08-26-2010, 12:09 PM
I've thought about trying to start a group just to get to know other homeschoolers in our area. We are desperately hoping to move soon so I haven't done anything about it yet, but if it looks like we have to spend another winter here I think I'll try to post fliers at the coffee shop and the library if they are open enough to let me. I'm really not interested in starting (or joining) a coop type situation, just a social group where we can hang with a few like minded folks. They are hard to find in my area.

08-26-2010, 10:44 PM
We are members of a great homeschool support group. However, the leader is having problems due to her husband's poor health so she turned the group over to someone else. The group has been going downhill ever since. So to avoid leaving us without a support group, I started my own group. I hand selected the original members. We are growing ever so slowly. But it is a good core group of families with similar interests. There are several other groups in our area but most of them are highly religious. Some go so far as to require you to sign a statement of faith which I am not going to do. We have found one group that we attend a lot of activities with. There are no religious issues but it's a bit further away from us. We also do some activities with a group in New York State.

09-02-2010, 07:56 PM
I've never even considered it. The area we just moved from in TN had it's share of HS kids, very religious. I did find one really other secular HS'er family, but their beliefs were so different then ours (they: vegan/wican/no chemicals. Us: yumm, chicken/agnostic/love my fabric softener) that I just couldn't see us all working as a group. Where we live now in NC, is so saturated with inclusive, or even straight out secular groups there's no reason to start another one. Plus I'm a flake sometimes, I'd really hate to be the person relying on me to not only show but, remember all of the supplies needed, when most days I'm lucky to remember my kids names.

09-02-2010, 09:02 PM
I didn't need to because there is already an awesome one here!

09-03-2010, 10:20 AM
The way I was able to 'push our group over the edge' so to speak and become a fully fledged coop of sorts was to just put myself out there and contact local community type centres. I ended up phoning our PCYC (similar to a YMCA I think) they already run loads of programs and classes for school aged kids and I thought surely they must be empty during the day and the worst I could get was a sorry we can't help.
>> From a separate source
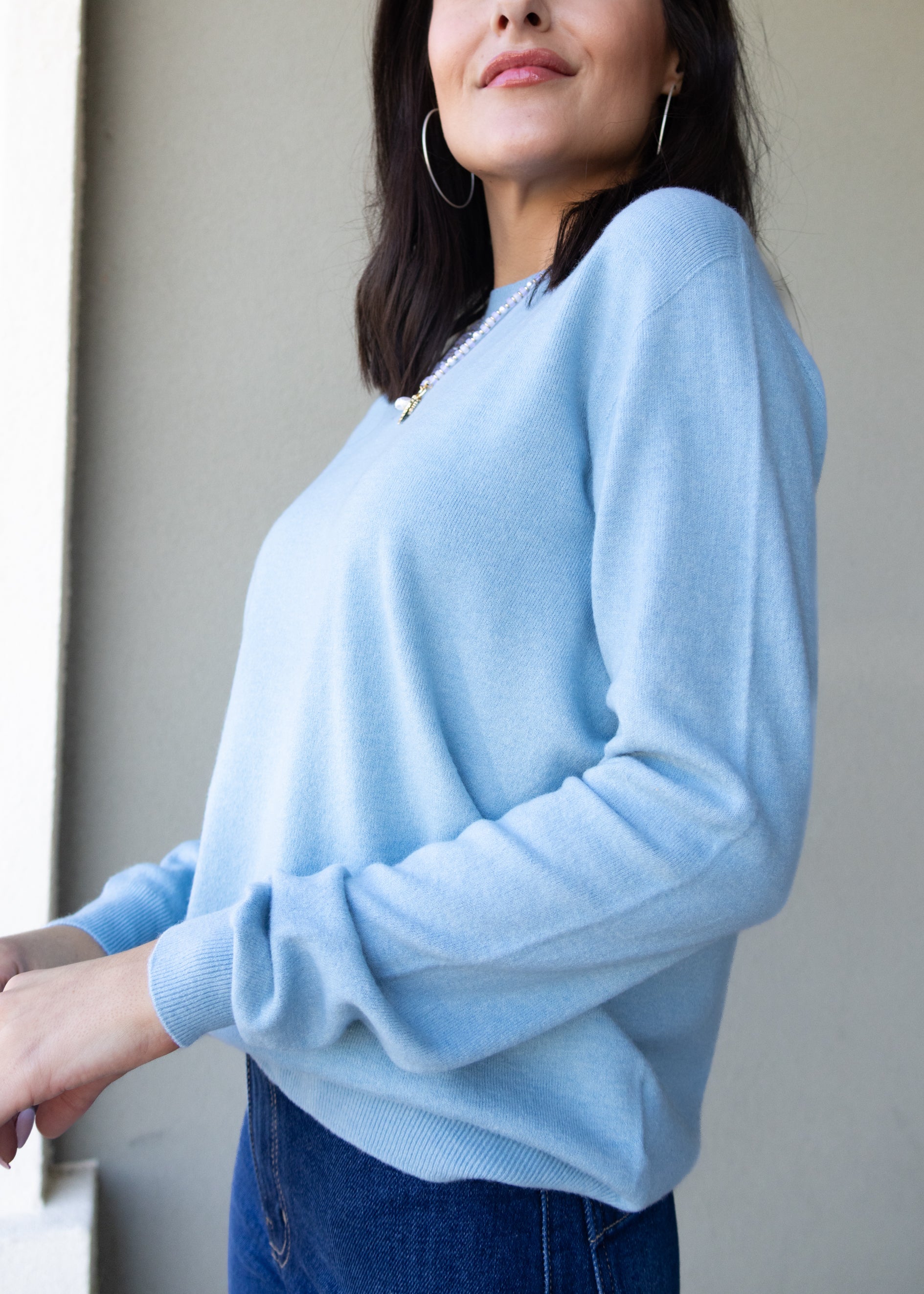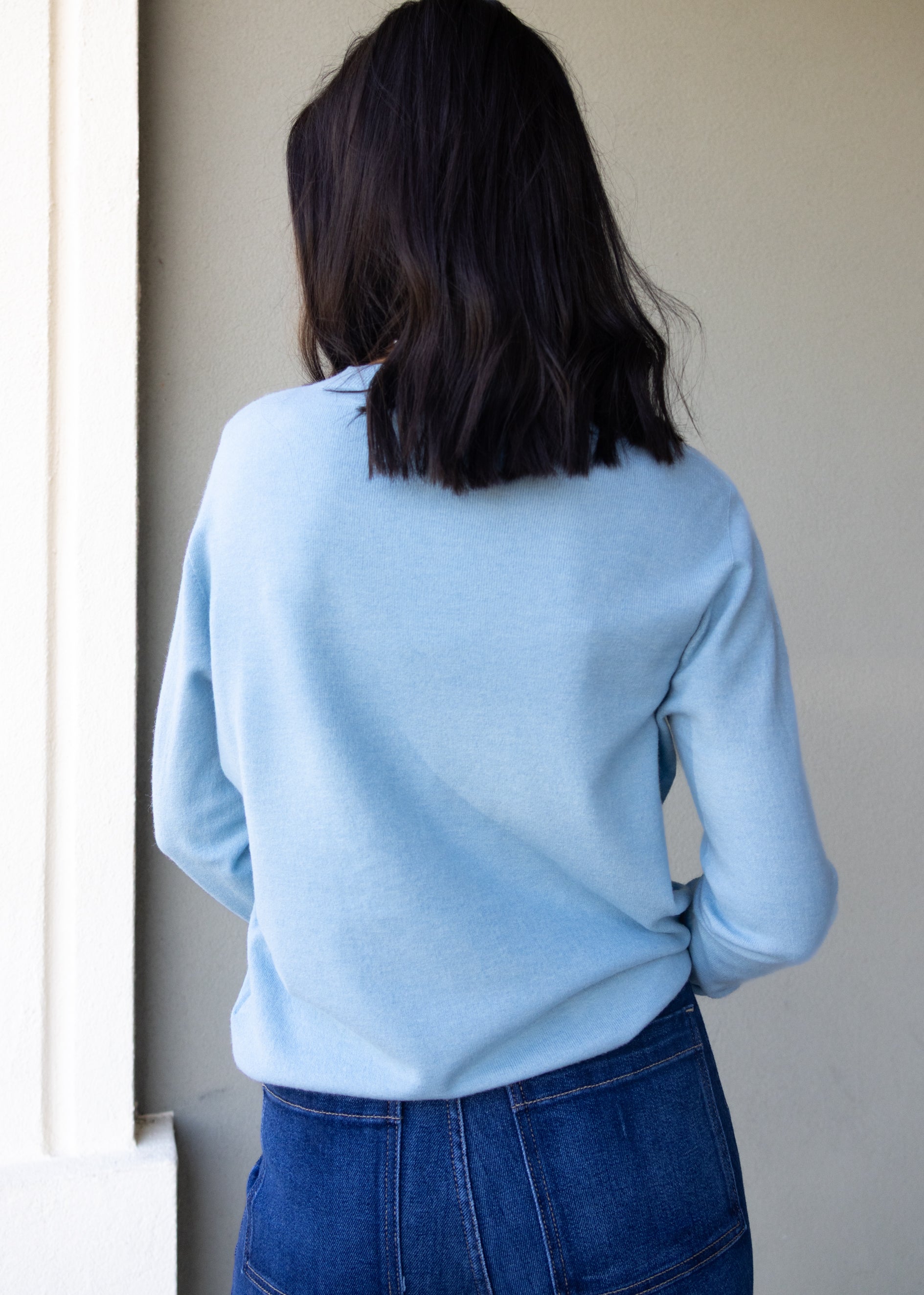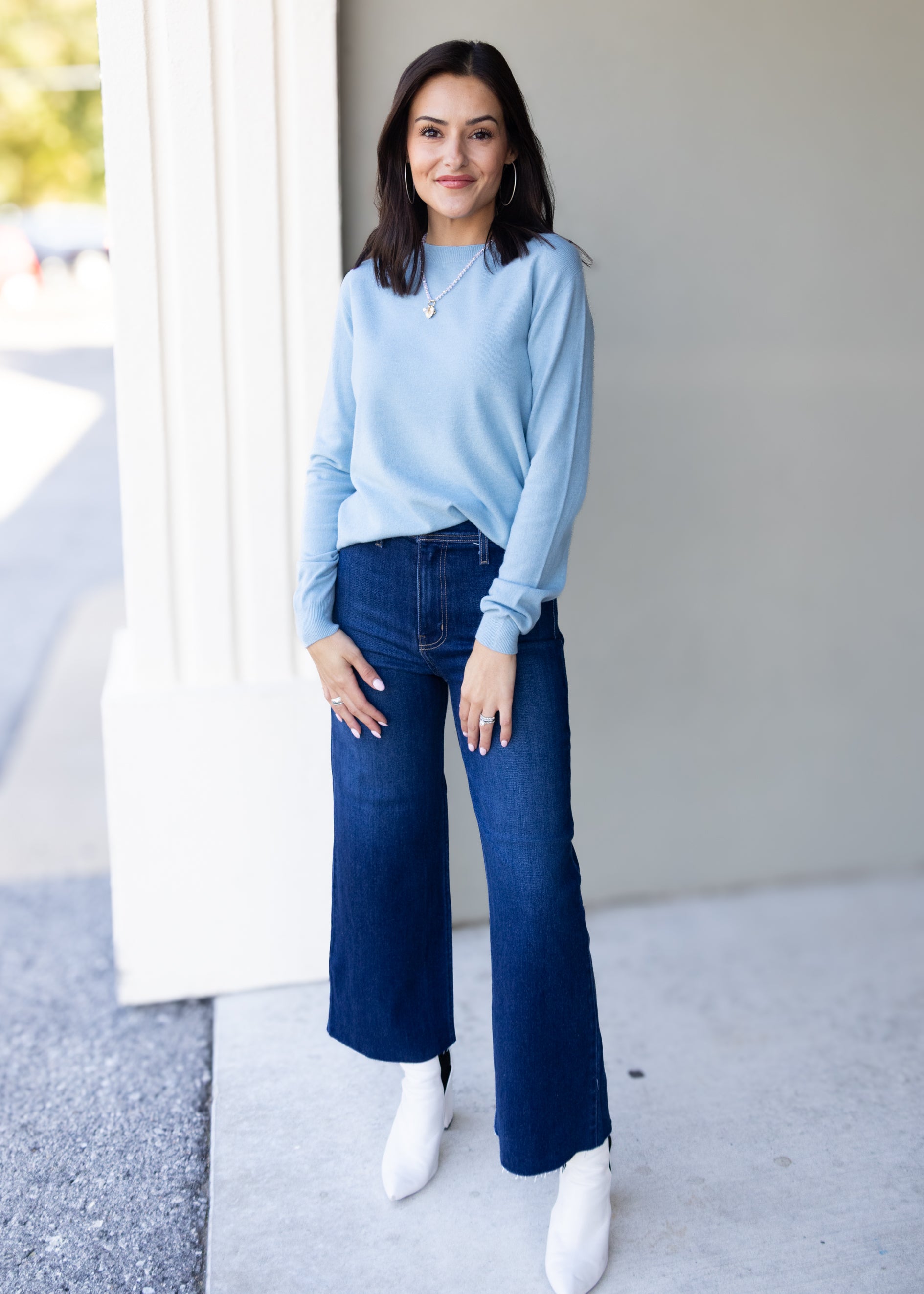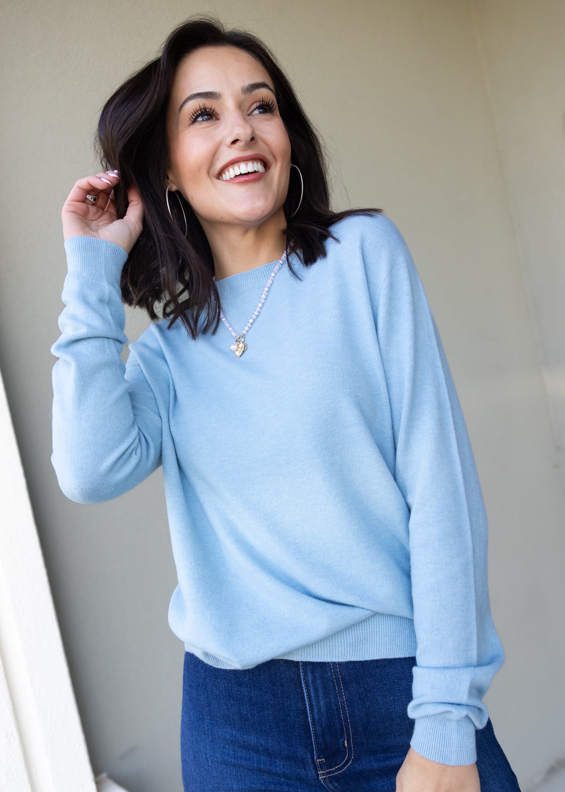 The Blue Skies Sweater brings a fresh pop of color to your wardrobe with its dreamy sky blue hue. Crafted in a soft knit with a flattering relaxed fit, this women’s sweater blends cozy comfort with effortless style. Perfect for layering through every season, it pairs easily with denim, skirts, or tailored pants for a versatile look. A must-have knitwear essential that brightens your everyday outfits with a touch of charm.

It turned out they had a a full day free and were very keen to get us started straight away and as they say the rest is history. I guess what I am trying to say is, just don't be shy and try and think outside the box a little if you are wanting to get something more than just park days up and happening. Most of our mums do not want a coop like you guys in the states seem to run (where everyone runs a class). Our mums want to just pay for the kids to attend classes so the mums can come along, watch the activites and have a morning off. We pay roughly $7 per child per class plus a small annual fee. All in all, for what we pay and what we receive it works out very nicely. The kids do art lessons, a sport and generally an extra activity, science, cake decorating or something like that.

09-03-2010, 11:24 PM
i'm thinking about it as we speak but i'm worried about a few things. the extra work, how to get the word out, and what the people in the only group in town will say. i am a believer but i disagree w/the intolerance of the religious groups. i want a group that is accepting of all people.